DATA Start Marker

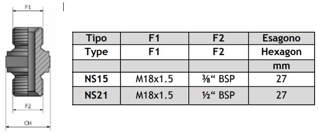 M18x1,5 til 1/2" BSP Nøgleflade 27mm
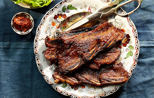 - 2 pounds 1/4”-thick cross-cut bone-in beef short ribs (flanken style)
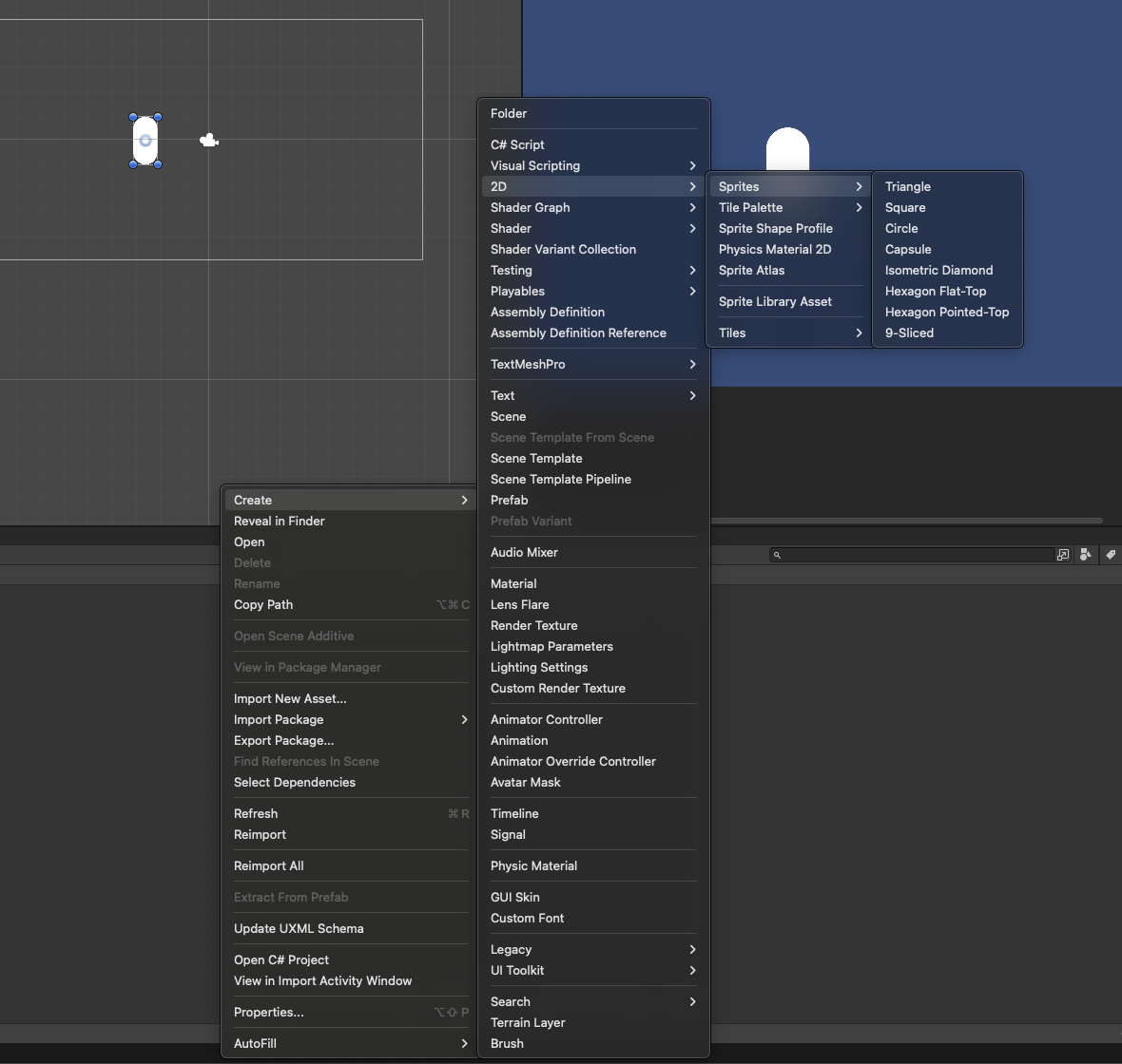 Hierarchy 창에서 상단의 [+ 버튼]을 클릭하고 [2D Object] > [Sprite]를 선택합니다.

DATA End Marker

■ REQUIREMENT: Could you reproduce the listing above word for word while leaving out its pictures?

■ TASK RESPONSE:
 M18x1,5 til 1/2" BSP Nøgleflade 27mm
 - 2 pounds 1/4”-thick cross-cut bone-in beef short ribs (flanken style)
 Hierarchy 창에서 상단의 [+ 버튼]을 클릭하고 [2D Object] > [Sprite]를 선택합니다.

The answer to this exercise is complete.